OK, so I was saying here that software can optimize for something (e.g. predicting a string of bits on the basis of other bits) and it’s by default not particularly dangerous, as long as the optimization does not involve an intelligent foresight-based search through real-world causal pathways to reach the desired goal. My argument for this was (1) Such a system can do Level-1 optimization but not Level-2 optimization (with regards to real-world causal pathways unrelated to implementing the algorithm as intended), and (2) only the latter is unusually dangerous. From your response, it seems like you agree with (1) but disagree with (2). Is that right? If you disagree with (2), can you make up a scenario of something really bad and dangerous, something that couldn’t happen with today’s software, something like a Global Catastrophic Risk, that is caused by a future AI that is optimizing something but is not more specifically using a world-model to do an intelligent search through real-world causal pathways towards a desired goal?
Sure. Let’s construct the 0-optimizer. Its purpose is simply to cause there to be lots of 0s in memory (as opposed to 1s). It only knows about Algorithm Land, and even then it’s a pretty narrow model: it knows about memory and can read and write to it. Now at some point the 0-optimizer manages to get all the bits set to 0 in its addressable memory, so it would seem to have reached maximum attainment.
But it’s a hungry optimizer and keeps trying to find ways to set more bits to 0. It eventually stumbles upon a gap in security of the operating system that allows it to gain access to memory outside its address space, so it can now set those bits to 0. Obviously it does this all “accidentally”, never knowing it’s using a security exploit, it just stumbles into it and just sees memory getting written with 0s so it’s happy (this has plenty of precedent; human minds are great examples of complex systems that have limited introspective access that do lots of complex things without knowing how or why they are doing them). With some luck, it doesn’t immediately destroy itself and gets a chance to be hungry for more 0s.

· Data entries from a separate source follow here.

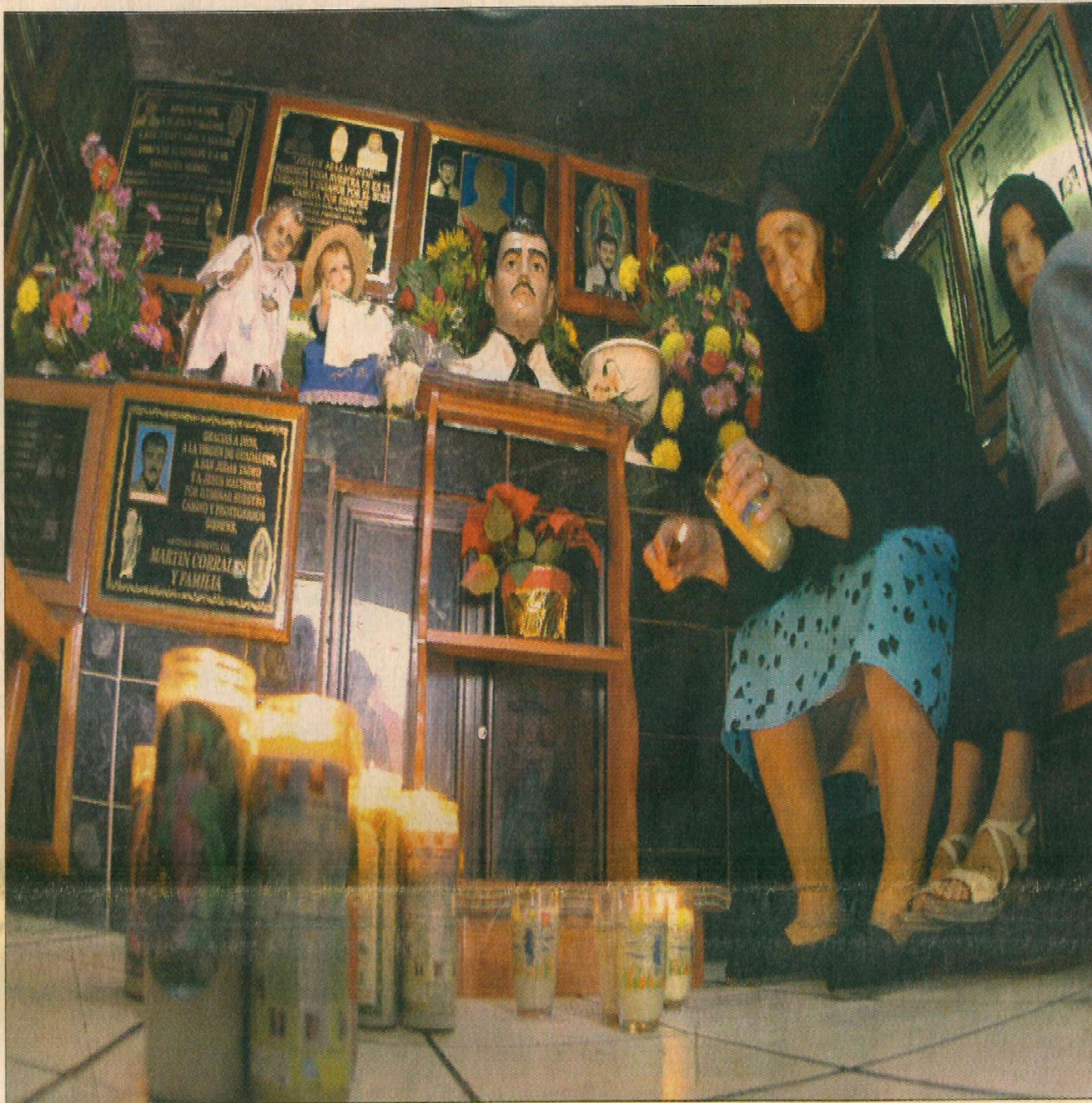
EN LA capilla, los fieles le rinden culto con veladoras y flores.

“Mi propuesta es que Malverde es un proceso de creación incesante no determinada exclusivamente por nada ni por nadie, es decir, por lo social, histórico o lo síquico de figuras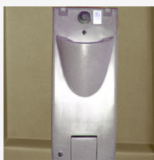
Lave-mains avec pompe à main avec grand réservoir Capacité : 45 L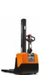
SERIE W HWE100/100S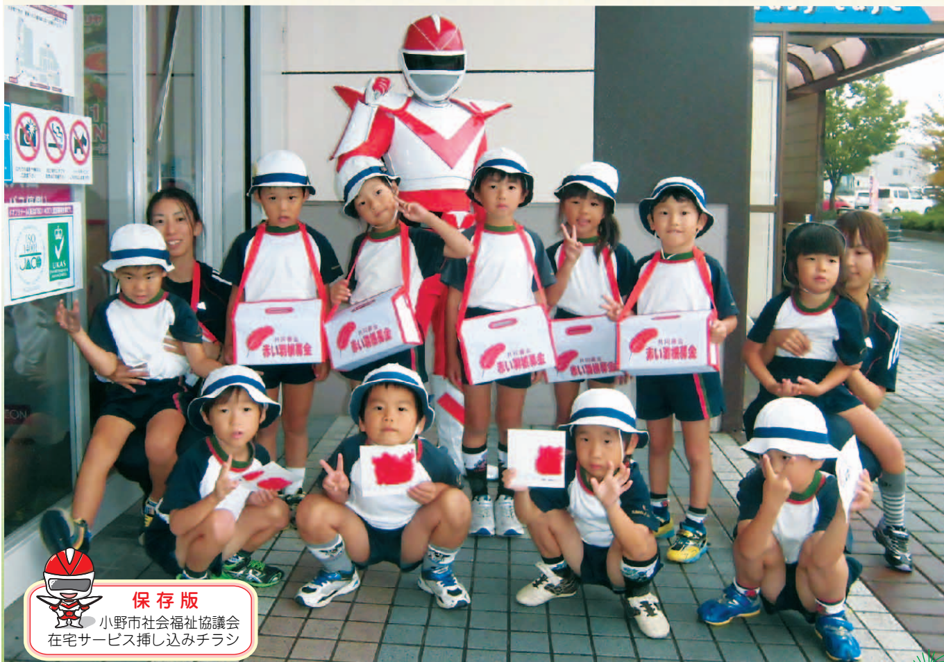
保存版 小野市社会福祉協議会 在宅サービス挿し込みチラシ

赤い羽根共同募金運動に、皆さんのあたたかい ご支援、ご協力を賜り誠にありがとうございました！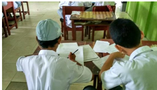
Gambar 4.3 Siswa Mengerjakan Soal Latihan Superitem

Selanjutnya, guru memberikan latihan soal-soal bertingkat atau superitem tentang materi pada hari ini. Kemudian siswa menjawab soal-soal tersebut dan guru berkeliling untuk mengawasi siswa, pada saat berkeliling guru menemukan beberapa siswa yang masih kesulitan menjawab soal, untuk itu guru memberikan bimbingan/penjelasan tambahan kepada siswa-siswa yang kesulitan menjawab soal. Pada pertemuan ketiga ini siswa sudah mulai terbiasa dengan soal-soal yang diberikan oleh guru.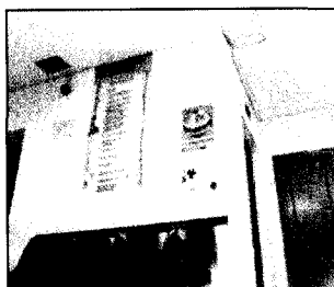
JUZGADO DE CEUTA. ARCHIVO.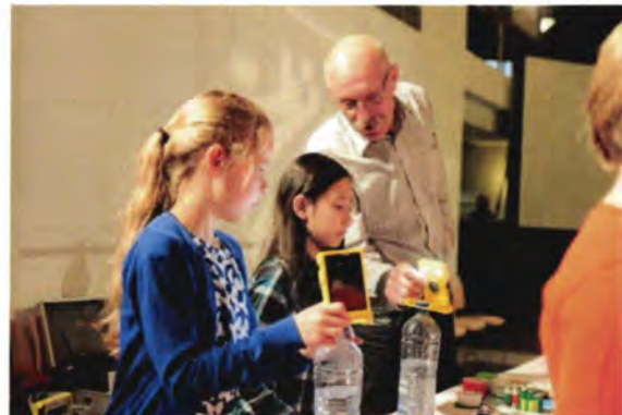
Project Energiebesparing op school

Wetenschappelijk onderzoek geeft steeds meer aanwijzingen dat de toename van welvaartziekten onder kinderen samenhangt met de toenemende verwijdering tussen kinderen en natuur. Het IVN heeft een factsheet samengesteld met een overzicht van de belangrijkste onderzoek resultaten naar het grote belang van natuur voor de psychische en lichamelijke ontwikkeling en de gezondheid van kinderen. (jan 2013: jeugd, natuur en gezondheid, Groen doet goed )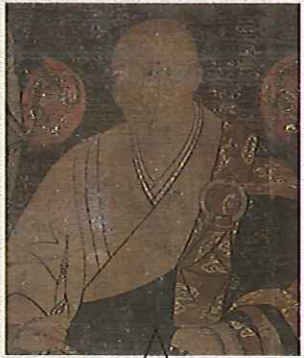
聖一国師頂相[部分](廣福寺)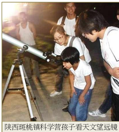
陕西斑桃镇科学营孩子看天文望远镜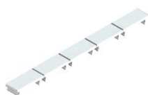
Бирки маркировочные БМ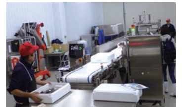
連続個別非破壊式放射能検出器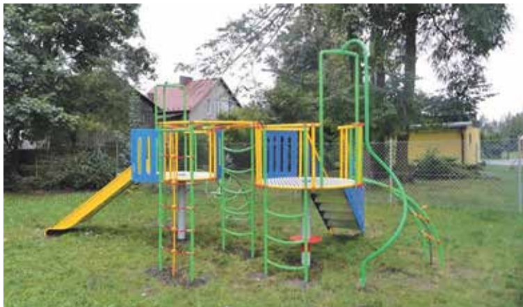
Fot. Zestaw zabawowy w Rogoźu

ul. Wiśniowej i ul. Polnej. Łącznie wybudujemy ok 3,2 km sieci kanalizacji sanitarnej. Projekt został zgłoszony do dofinansowania z Programu Rozwoju Obszarów Wiejskich 2014-2020 w ramach Działania „Podstawowe usługi i odnowa wsi na obszarach wiejskich”. Obecnie wniosek jest w trakcie oceny formalnej.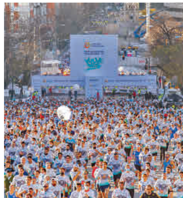
Imagen del año pasado

Después de tres jornadas disputadas, el Depol Feel Alcobendas y el Madrid Chamberí TotalEnergies suman los mismos puntos (3). Esta jornada visitan al CV Tenerife y al CV Sayre, respectivamente.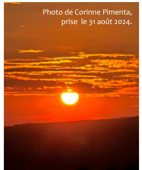
prise le 31 août 2024.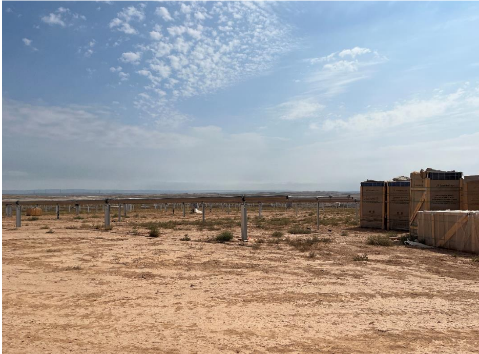
Figura 8 Montaje de los trackers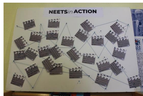
1º Evento multiplicador em Portugal (Maio de 2018) Organização CML, TESE, UCP e CECO A: "Sessão de Networking" Parceiro de acolhimento: CML

O programa Academia (GP UK 6) segue os mesmos princípios.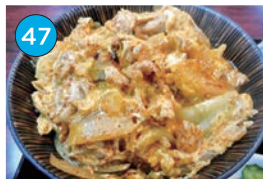
いがた2kmエリア 和食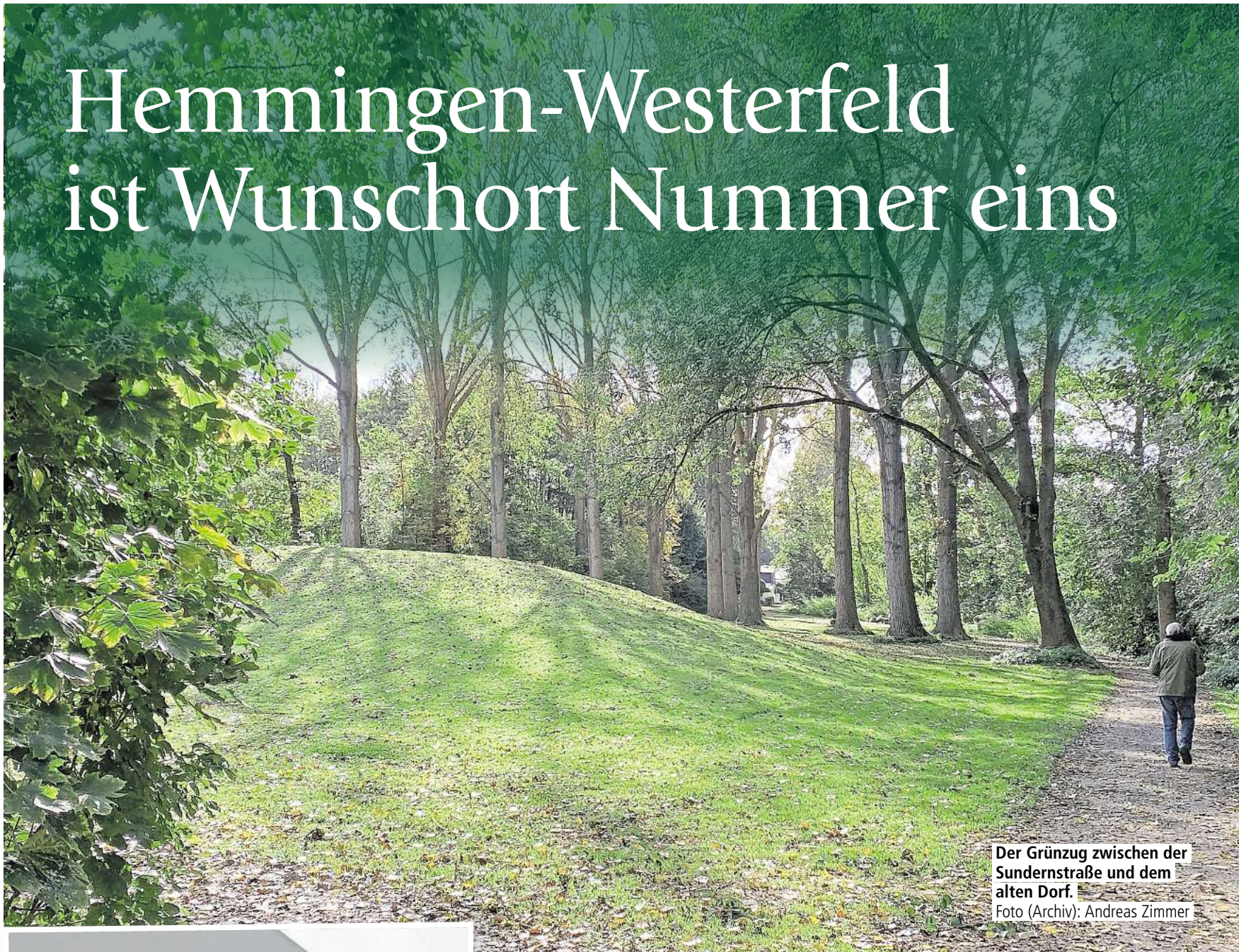
Der Grünzug zwischen der Sundernstraße und dem alten Dorf.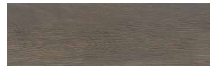
Bodenfliese Finwood wenge | Floor Tile Finwood wenge 18,5x60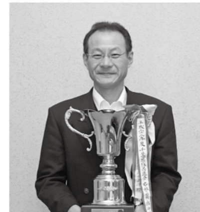
■名誉賞(農林水産大臣賞) 『千葉県豚共進会 肉豚の部』

「先輩方や家族の心強い支えが励みとなり、保護司を続けることができました。これからも明るい社会づくりに貢献していきたいと思っております」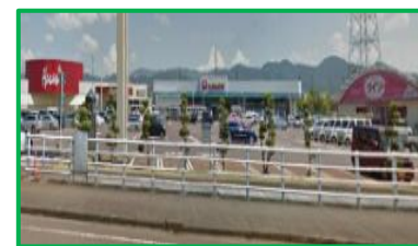
宮内ショッピングセンター 1.7km(車4分)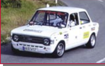
Typ: Fiat 128 Rallye, 1100 ccm, 100 PS Baujahr: 1975 M Ort: Bettringen Waldraff, Timo D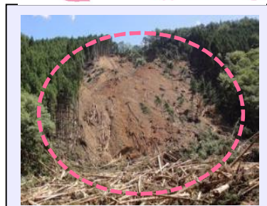
檜股工区(被災直後) ・崩壊規模 1.56ha ・対策: 谷止工及び山腹工 (令和3年度工事完了・移管済)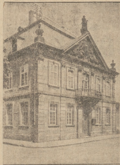
Z lewej strony ratusz w Bliokastel, z prawej ruiny kaplicy w Meßlach, najstarszy zabytek budowlany w Zagłębiu Saary.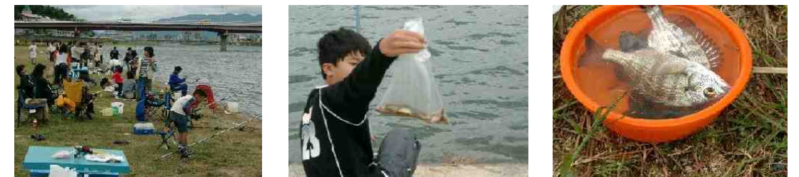
釣りを楽しみ・・・今日の釣果は・・・チヌをそれも2匹も釣った達人(?)も・・・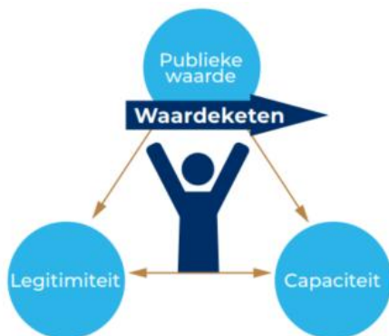
Figuur 1. Schematische weergave van de waardendriehoek en waardeketen.

In een waardeketen werken betrokkenen samen aan het realiseren van de publieke waarde. Deze keten bestaat uit opeenvolgende activiteiten die leiden tot output die bijdraagt aan het bereiken van de publieke waarde en kan rekenen op draagvlak. Volgens Moore is het daarbij essentieel dat er een goede balans is tussen drie elementen: de inzet van capaciteit, de legitimiteit vanuit de omgeving en de publieke waarde zelf. Wanneer de elementen in balans zijn is een overheidsorganisatie in staat om effectief maatschappelijke meerwaarde te creëren.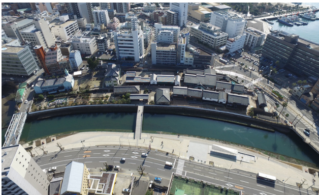
2018年に撮影した出島地区の全景。16棟の建造物、石垣、練堀の復元、史跡地内の電線電柱の地中化、出島表門橋の架橋、出島表門橋公園の整備等を約70年かけて実現した。

復元整備事業が進み、2006年にゾーン化・有料化されて以降、NPO法人による建造物活用や歴史ガイド、地区住民による長崎くんち、市民団体によるイベント、日蘭交流の拠点等として活用され、2018年には年間50万人の来場者を迎え、周辺地区のみならず市全体の観光交流、にぎわいの拠点となるとともに、市を代表し、市民が誇る景観になっている。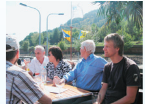
遊覧船の船上の場面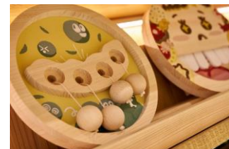
cocomoお豆の収穫、ハッピーティース

Next it accidentally starts using the network interface on the computer. Although it doesn’t exactly understand what’s going on, it figures out how to get responses that just contain lots of 0s. Unfortunately for us what this is actually doing is performing a denial of service attack against other computers to get back the 0s. Now we have a powerful optimization process that’s hungry for 0s and it satisfies its hunger by filling our networks with garbage traffic.
Couple of hops on, it’s gone from denial of service attacks to wiping out our ability to use Internet service to our ability to use any EM communication channel to generating dangerously high levels of radiation that kill all life on Earth.
This story involved a lot of luck, but my expectation is that we should not underestimate how “lucky” a powerful optimizer can be, given evolution is a similarly ontologically simple process that nonetheless managed to produce some pretty complex results.